§ **Exercise**: What you return must be the full data, repeated verbatim, with no pictures in it.

§ **Stored data**:
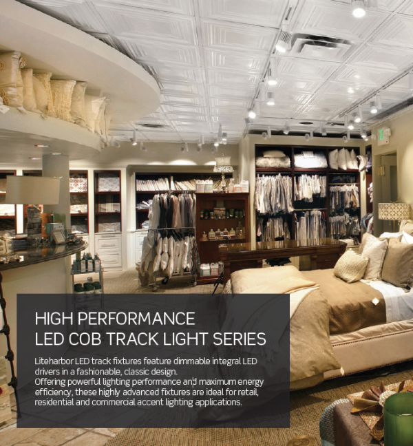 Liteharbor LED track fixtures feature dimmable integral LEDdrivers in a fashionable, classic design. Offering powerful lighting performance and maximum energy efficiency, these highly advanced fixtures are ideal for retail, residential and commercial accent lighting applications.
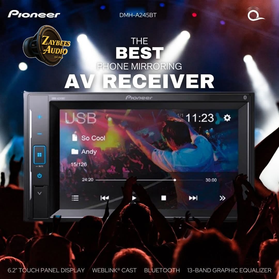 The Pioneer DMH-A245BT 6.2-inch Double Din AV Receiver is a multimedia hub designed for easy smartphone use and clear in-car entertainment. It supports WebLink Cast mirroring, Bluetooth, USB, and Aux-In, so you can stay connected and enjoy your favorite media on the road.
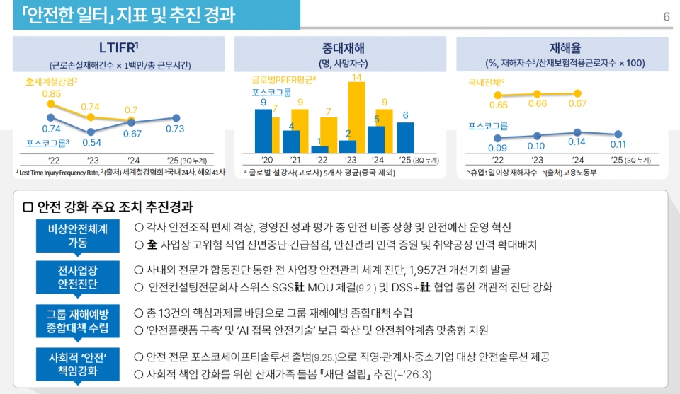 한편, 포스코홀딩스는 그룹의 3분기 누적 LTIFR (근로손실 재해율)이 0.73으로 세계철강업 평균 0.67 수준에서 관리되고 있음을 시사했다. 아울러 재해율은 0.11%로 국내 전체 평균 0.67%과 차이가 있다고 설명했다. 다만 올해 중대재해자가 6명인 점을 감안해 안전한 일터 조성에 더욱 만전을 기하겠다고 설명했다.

§ **Response below**:
 Liteharbor LED track fixtures feature dimmable integral LEDdrivers in a fashionable, classic design. Offering powerful lighting performance and maximum energy efficiency, these highly advanced fixtures are ideal for retail, residential and commercial accent lighting applications.
 The Pioneer DMH-A245BT 6.2-inch Double Din AV Receiver is a multimedia hub designed for easy smartphone use and clear in-car entertainment. It supports WebLink Cast mirroring, Bluetooth, USB, and Aux-In, so you can stay connected and enjoy your favorite media on the road.
 한편, 포스코홀딩스는 그룹의 3분기 누적 LTIFR (근로손실 재해율)이 0.73으로 세계철강업 평균 0.67 수준에서 관리되고 있음을 시사했다. 아울러 재해율은 0.11%로 국내 전체 평균 0.67%과 차이가 있다고 설명했다. 다만 올해 중대재해자가 6명인 점을 감안해 안전한 일터 조성에 더욱 만전을 기하겠다고 설명했다.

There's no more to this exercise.